In 2015, Stanford University swimmer Brock Turner sexually assaulted an unconscious woman named Chanel Miller. Turner was eventually arrested and convicted of three charges in a well-publicized trial, one that also featured a powerful victim statement by Miller that went viral on the internet. But when Turner’s sentence was announced — six months in jail, three years of probation, and lifetime on the sex offender registry — some considered it too light, and the outrage and despair many felt found an outlet on Twitter in the growing #MeToo movement. Eventually, the backlash led to the recall of the judge on the case — Aaron Persky — in 2018.
But while many felt the recall served justice, a new MSNBC documentary by Rebecca Richman Cohen ’07, a lecturer at Harvard Law School, complicates that picture.
In “The Recall: Reframed,” Richman Cohen probes the claims that Turner’s sentence was disproportionately light and examines what happened in the aftermath of Judge Persky’s removal from the bench. It turns out, Richman Cohen says, that the fallout may have had unintended consequences.
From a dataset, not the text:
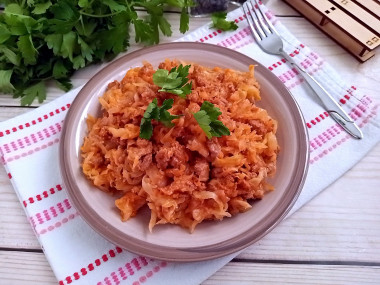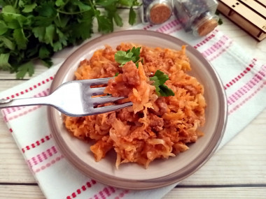 В другой сковороде с добавлением растительного масла потушите капусту, помешивая, до мягкости. Если овощ не очень сочный, по необходимости в процессе тушения можно добавить немного горячей воды. Если используете летнюю, сочную, свежую капусту, то тушите ее, не накрывая сковороду крышкой, чтобы испарялась лишняя влага. В процессе приготовления капусту посолите, добавьте любые приправы или специи на ваш выбор.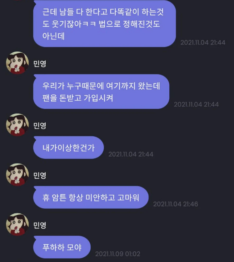 민영이 매우 놀라고 화났나봐요..ㅎㅎ

“Advocates were outraged that after decades of activism there is still victim blaming, that sexual harms are often normalized or excused, and that sexual violence continues. And they are right to be outraged about all of these things,” she says. “The film also looks at another set of harms: those that are associated with harsh prison sentences. Those are the harms of mass incarceration, and how we often prioritize punishment over real accountability.”
Those pushing for the recall highlighted the role of white privilege in Turner’s sentence, she says, but ironically, “what happened was that sentences across the state of California increased by 30% in the six weeks following the announcement of the recall, and because the criminal legal system is structurally racist, those sentences disproportionately affected low income and people of color, the very folks that pro-recall activists were claiming to serve.”
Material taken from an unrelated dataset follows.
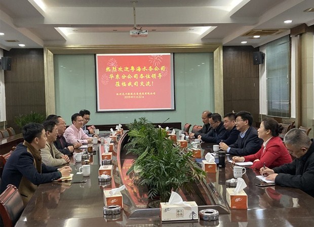 11月22日,粵海水務(wù)公司華東分公司董事長李蘇杰一行六人來我公司進(jìn)行調(diào)研交流。公司執(zhí)行董事張勇、總經(jīng)理王智勇、副總經(jīng)理兼惠民公司執(zhí)行董事王永慶、總工程師廖群等分別介紹了龍川水務(wù)產(chǎn)差控制相關(guān)工作情況,雙方就產(chǎn)差控制的技術(shù)與措施進(jìn)行了探討和深入交流。

She says that the racial justice uprisings in the aftermath of George Floyd’s murder in the summer of 2020 changed the conversation. “Even though activists were clearly saying in 2018 that the recall was going to backfire and increase sentences for low income and people of color, it just didn’t have the same emotional valence for mainstream media and for mainstream feminism as it does after 2020.”
Richman Cohen says her film investigates the ways in which the criminal system fails survivors of sexual violence and what real accountability could look like. In addition to working with survivor groups across the country, she says, she has partnered with Inquest, which is part of the law school’s Institute to End Mass Incarceration. “We’ve collaborated on an outreach campaign that raises the central question of the film: how should we respond to sexual violence in a way that doesn’t further perpetuate the harms of mass incarceration?”
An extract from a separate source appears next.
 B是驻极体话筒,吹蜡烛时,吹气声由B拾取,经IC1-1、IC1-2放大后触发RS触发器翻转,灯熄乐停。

What she has heard so far, she says, differs from a purely carceral approach. “Keeping in mind that survivors often have very different experiences and priorities, but what we hear is people want public acknowledgement, they want community recognition, protection from future harm, and they want accountability,” she says. “But that does not mean harsh punishment, necessarily.”
The power of film
Richman Cohen has built a career at the intersection of law and filmmaking. Before attending Harvard Law School, she was a documentary researcher and assistant editor. The summer after her second year of law school, Richman Cohen interned at the Special Court for Sierra Leone, a United Nations tribunal formed to address war crimes committed in the West African nation.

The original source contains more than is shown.